__What you need to do__
Take the records below from their first line through the line holding "為進(jìn)一步落實(sh", and set each of those lines down exactly, without pictures.

Records from a collection:
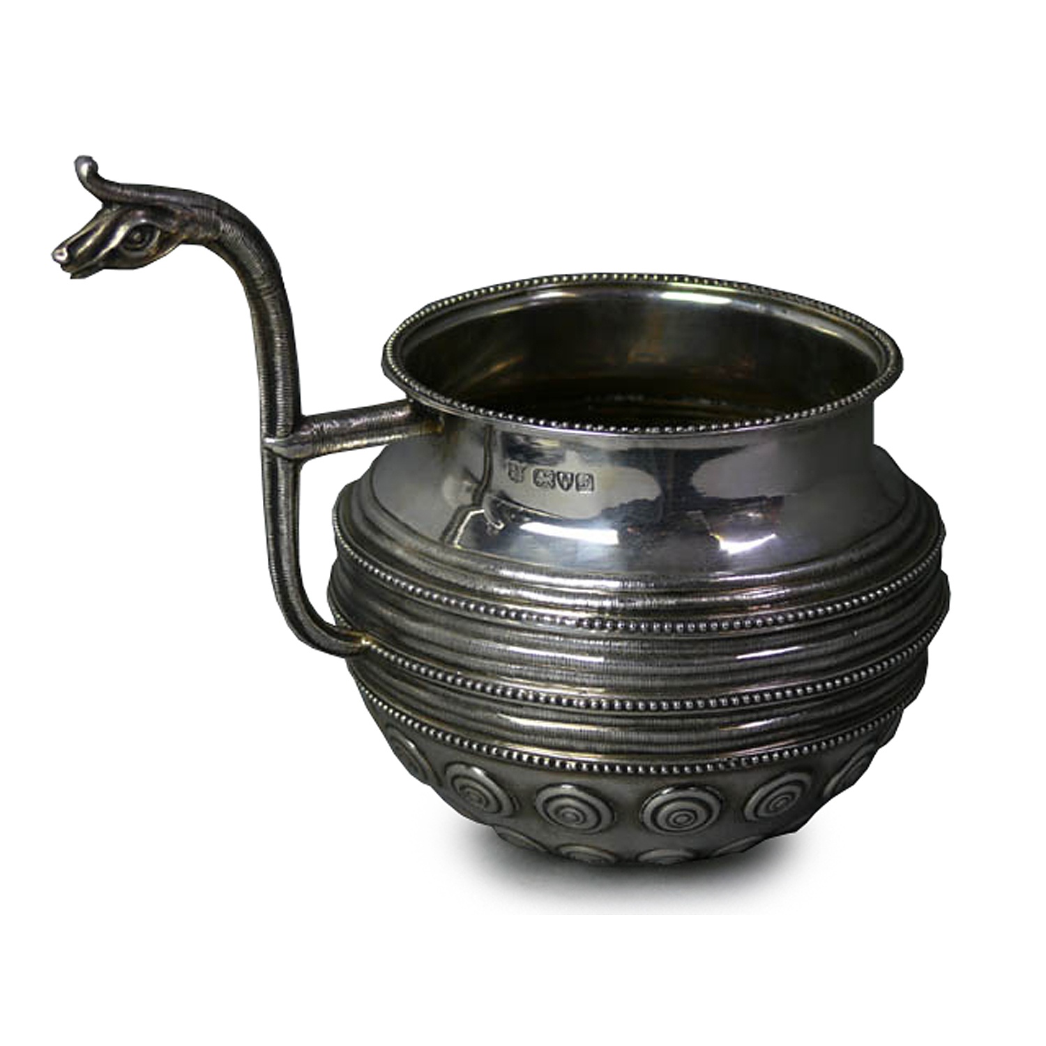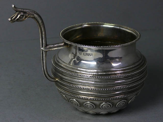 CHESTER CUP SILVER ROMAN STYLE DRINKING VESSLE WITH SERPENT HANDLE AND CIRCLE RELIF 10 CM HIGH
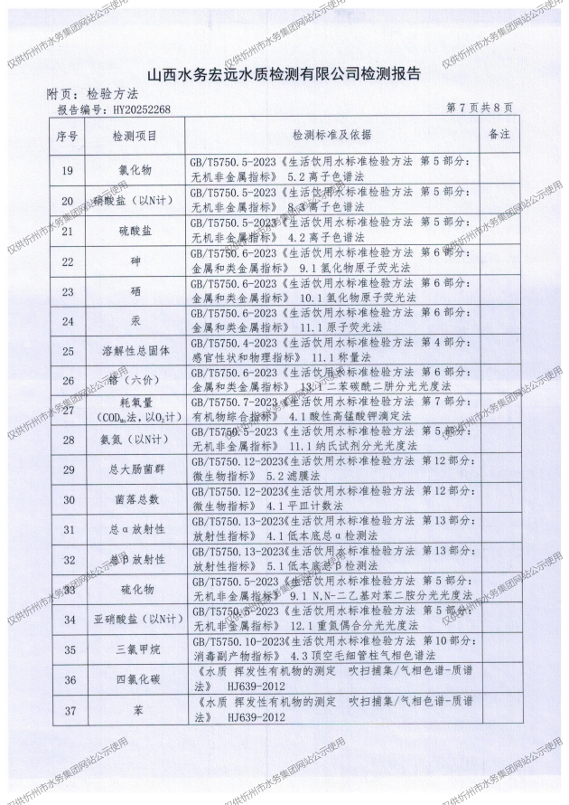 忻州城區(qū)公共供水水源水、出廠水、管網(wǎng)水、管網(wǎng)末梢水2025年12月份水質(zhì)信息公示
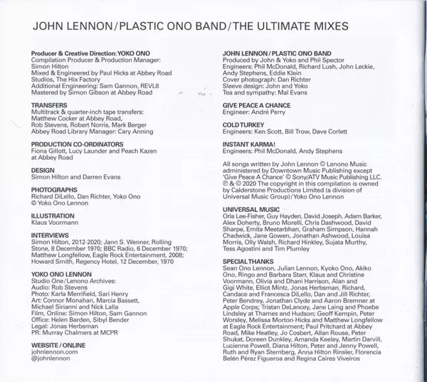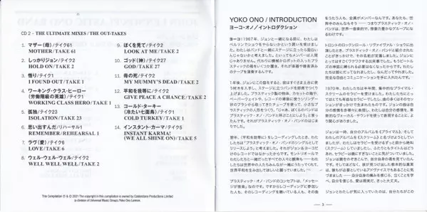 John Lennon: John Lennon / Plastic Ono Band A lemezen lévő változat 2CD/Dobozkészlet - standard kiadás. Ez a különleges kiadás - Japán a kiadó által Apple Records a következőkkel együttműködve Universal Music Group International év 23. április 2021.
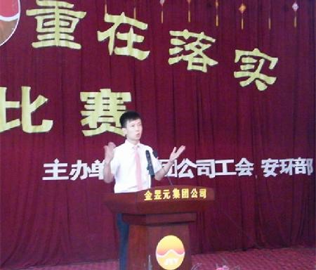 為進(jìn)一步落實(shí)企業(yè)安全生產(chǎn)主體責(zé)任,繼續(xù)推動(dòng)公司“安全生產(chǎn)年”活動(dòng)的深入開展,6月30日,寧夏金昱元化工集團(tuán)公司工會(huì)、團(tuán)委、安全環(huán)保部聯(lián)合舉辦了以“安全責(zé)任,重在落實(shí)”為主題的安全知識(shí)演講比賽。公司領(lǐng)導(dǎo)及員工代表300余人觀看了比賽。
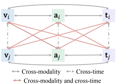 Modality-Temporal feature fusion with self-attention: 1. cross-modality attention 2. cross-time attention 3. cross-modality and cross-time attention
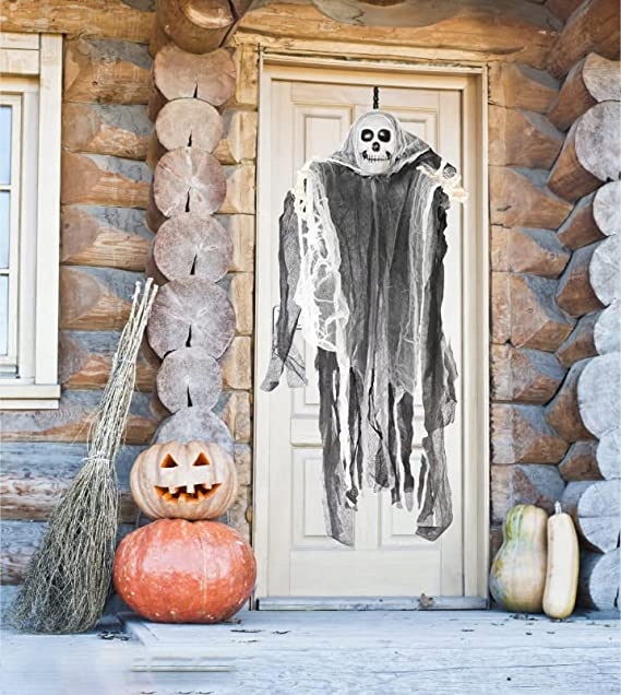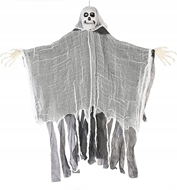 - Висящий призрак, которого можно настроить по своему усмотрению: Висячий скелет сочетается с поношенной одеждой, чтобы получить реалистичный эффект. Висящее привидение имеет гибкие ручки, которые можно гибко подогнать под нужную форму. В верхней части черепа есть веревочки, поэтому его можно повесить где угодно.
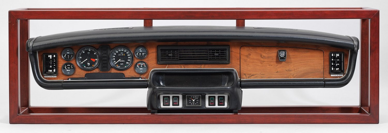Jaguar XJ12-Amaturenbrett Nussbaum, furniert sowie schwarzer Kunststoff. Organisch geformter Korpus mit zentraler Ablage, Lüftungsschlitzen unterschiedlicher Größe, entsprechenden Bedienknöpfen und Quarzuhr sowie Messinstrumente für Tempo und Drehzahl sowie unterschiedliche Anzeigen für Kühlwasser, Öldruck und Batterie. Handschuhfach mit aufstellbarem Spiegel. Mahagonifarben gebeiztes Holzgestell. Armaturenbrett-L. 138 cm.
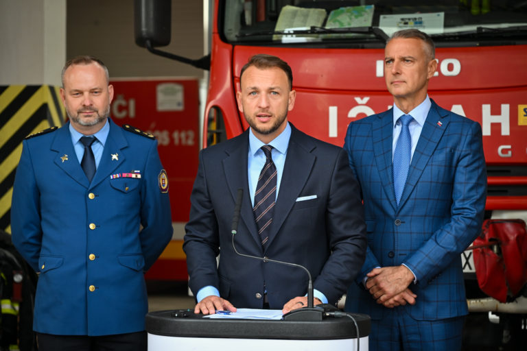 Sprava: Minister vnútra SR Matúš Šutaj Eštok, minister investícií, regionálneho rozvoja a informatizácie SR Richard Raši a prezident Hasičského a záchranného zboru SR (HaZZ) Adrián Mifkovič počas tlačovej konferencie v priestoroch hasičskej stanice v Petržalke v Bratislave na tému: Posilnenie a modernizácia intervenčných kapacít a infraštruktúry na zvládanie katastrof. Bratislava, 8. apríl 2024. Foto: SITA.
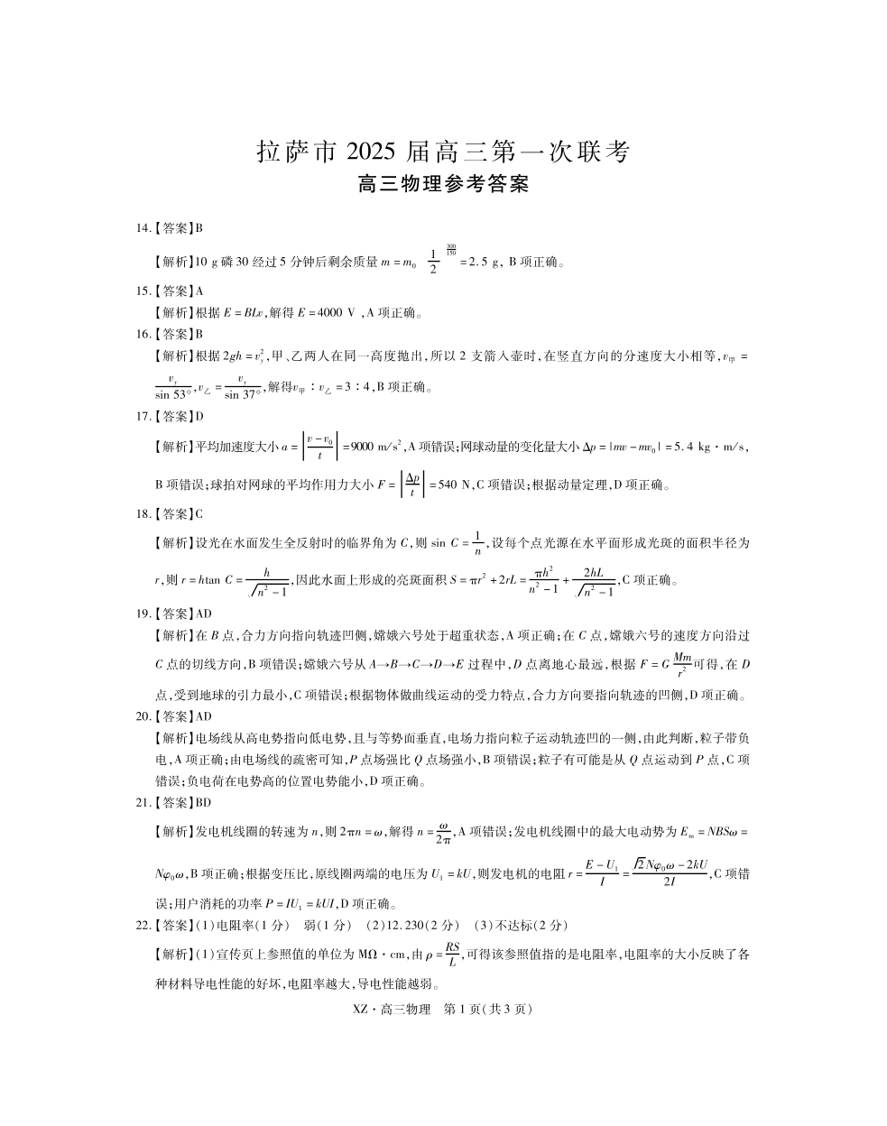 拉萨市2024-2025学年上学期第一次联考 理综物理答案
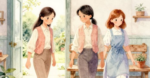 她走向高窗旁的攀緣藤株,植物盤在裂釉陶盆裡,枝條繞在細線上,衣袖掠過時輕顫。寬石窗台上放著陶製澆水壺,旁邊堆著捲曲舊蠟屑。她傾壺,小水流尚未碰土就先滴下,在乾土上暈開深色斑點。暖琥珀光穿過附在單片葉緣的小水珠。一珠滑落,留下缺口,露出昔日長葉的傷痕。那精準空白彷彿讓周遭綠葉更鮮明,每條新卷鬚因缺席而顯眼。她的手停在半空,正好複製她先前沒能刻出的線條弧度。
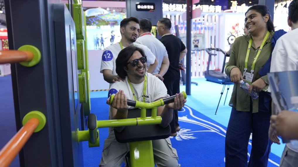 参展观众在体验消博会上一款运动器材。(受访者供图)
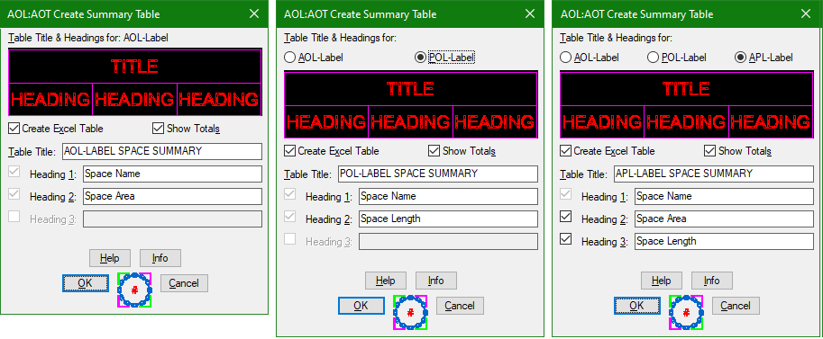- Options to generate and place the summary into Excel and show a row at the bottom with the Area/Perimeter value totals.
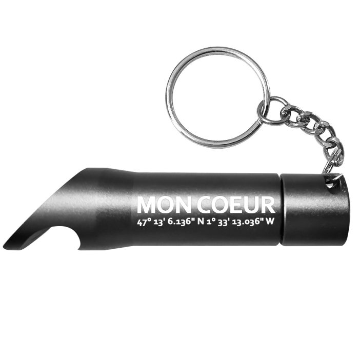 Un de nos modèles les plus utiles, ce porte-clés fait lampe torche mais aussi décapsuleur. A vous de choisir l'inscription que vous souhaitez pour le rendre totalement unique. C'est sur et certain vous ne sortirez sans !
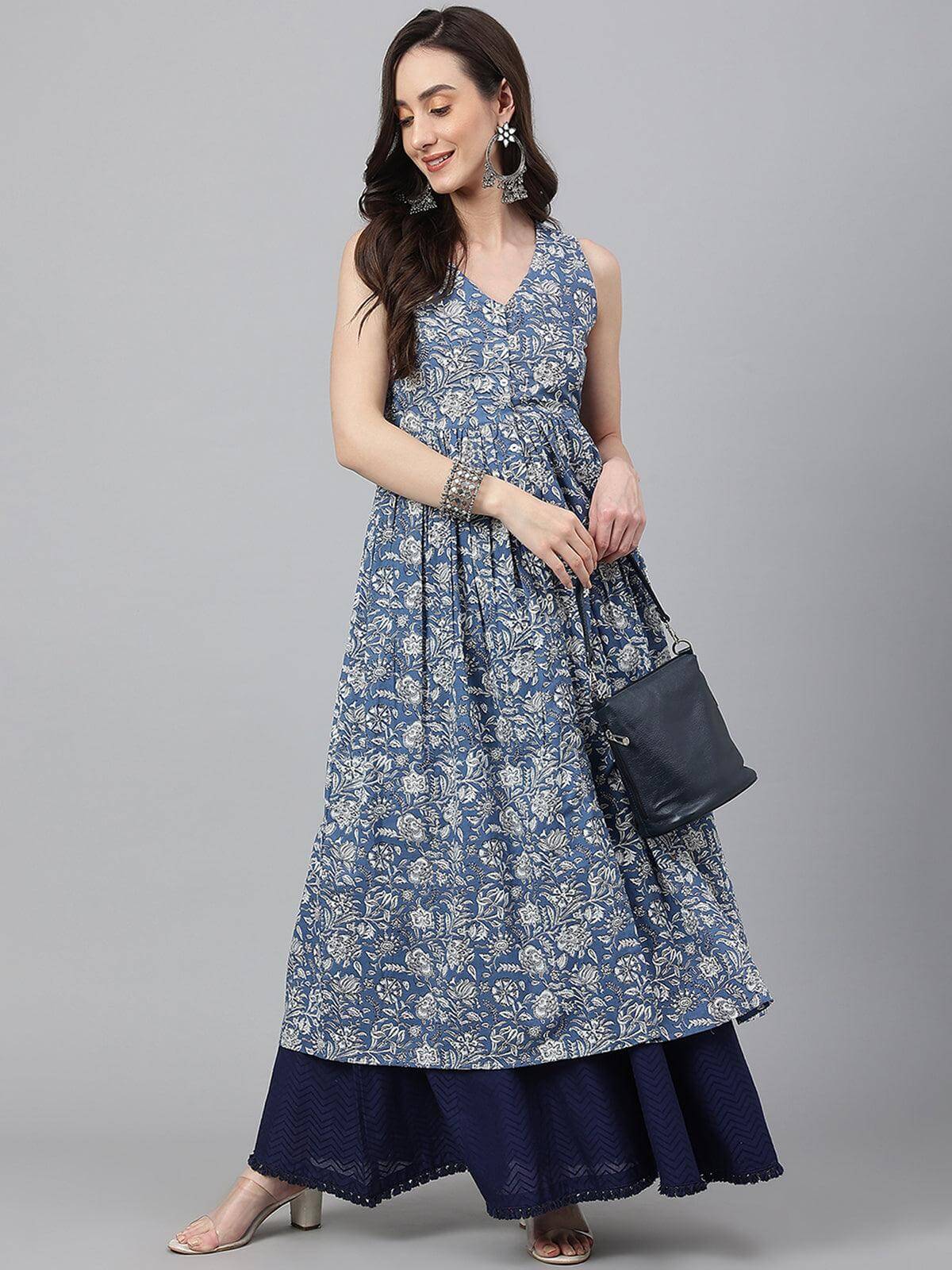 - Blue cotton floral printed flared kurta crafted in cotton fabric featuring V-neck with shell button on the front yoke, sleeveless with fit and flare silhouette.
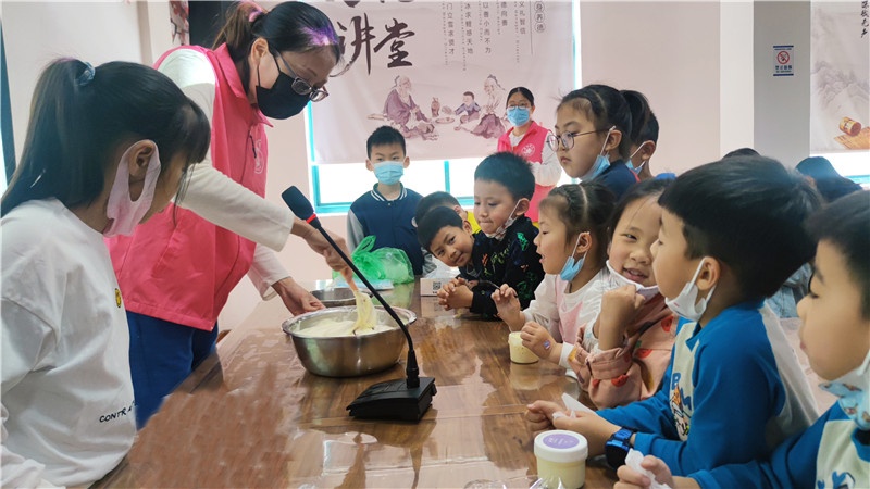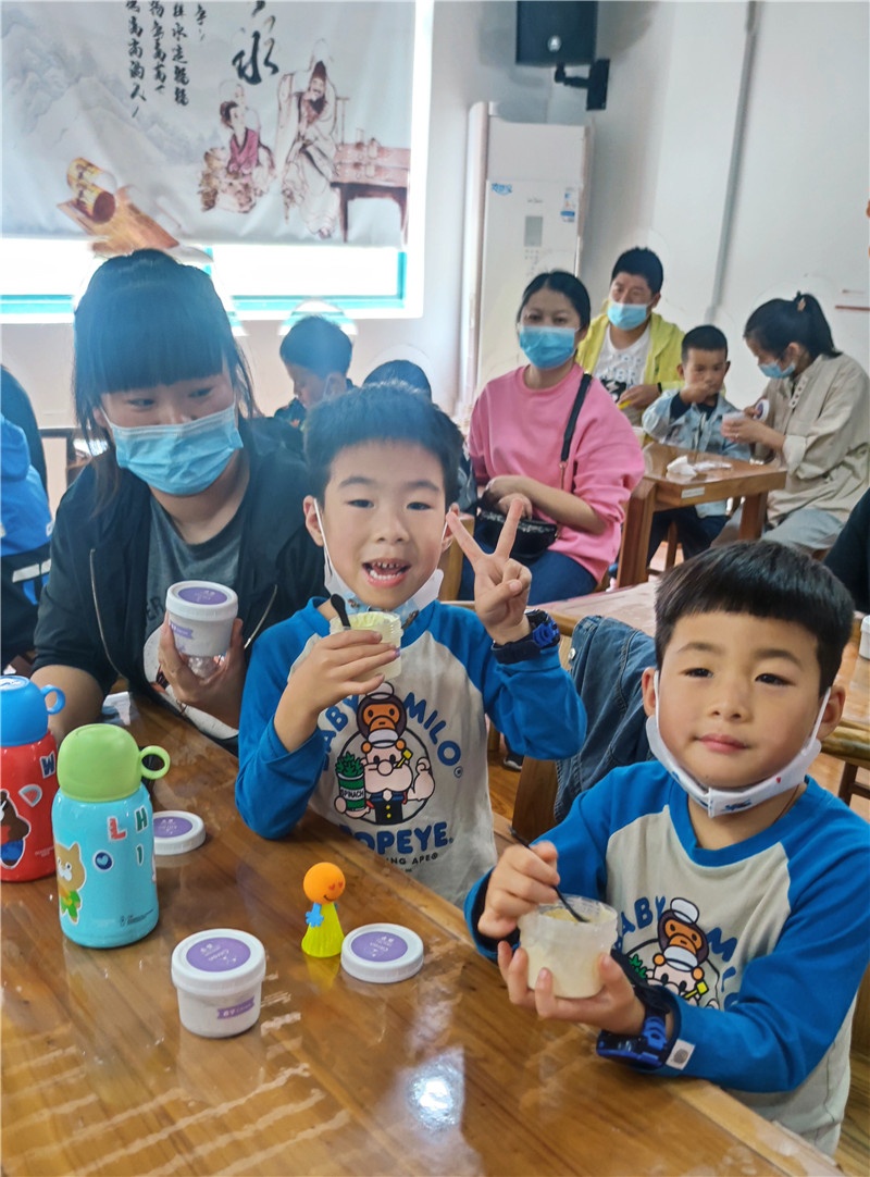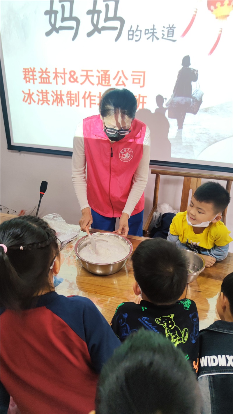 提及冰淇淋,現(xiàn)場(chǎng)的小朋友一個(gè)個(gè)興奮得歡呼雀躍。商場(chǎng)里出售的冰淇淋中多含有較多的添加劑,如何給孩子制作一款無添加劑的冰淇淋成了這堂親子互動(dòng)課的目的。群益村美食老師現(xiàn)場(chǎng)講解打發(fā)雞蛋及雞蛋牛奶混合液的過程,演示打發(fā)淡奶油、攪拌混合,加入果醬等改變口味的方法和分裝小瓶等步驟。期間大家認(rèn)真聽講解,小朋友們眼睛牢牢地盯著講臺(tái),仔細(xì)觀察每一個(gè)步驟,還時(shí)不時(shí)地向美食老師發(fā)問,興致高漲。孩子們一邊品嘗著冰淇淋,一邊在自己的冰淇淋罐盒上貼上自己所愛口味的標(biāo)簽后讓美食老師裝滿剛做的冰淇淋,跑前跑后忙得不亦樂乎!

__Completed task__
 CHESTER CUP SILVER ROMAN STYLE DRINKING VESSLE WITH SERPENT HANDLE AND CIRCLE RELIF 10 CM HIGH
 忻州城區(qū)公共供水水源水、出廠水、管網(wǎng)水、管網(wǎng)末梢水2025年12月份水質(zhì)信息公示
 John Lennon: John Lennon / Plastic Ono Band A lemezen lévő változat 2CD/Dobozkészlet - standard kiadás. Ez a különleges kiadás - Japán a kiadó által Apple Records a következőkkel együttműködve Universal Music Group International év 23. április 2021.
 為進(jìn)一步落實(shí)企業(yè)安全生產(chǎn)主體責(zé)任,繼續(xù)推動(dòng)公司“安全生產(chǎn)年”活動(dòng)的深入開展,6月30日,寧夏金昱元化工集團(tuán)公司工會(huì)、團(tuán)委、安全環(huán)保部聯(lián)合舉辦了以“安全責(zé)任,重在落實(shí)”為主題的安全知識(shí)演講比賽。公司領(lǐng)導(dǎo)及員工代表300余人觀看了比賽。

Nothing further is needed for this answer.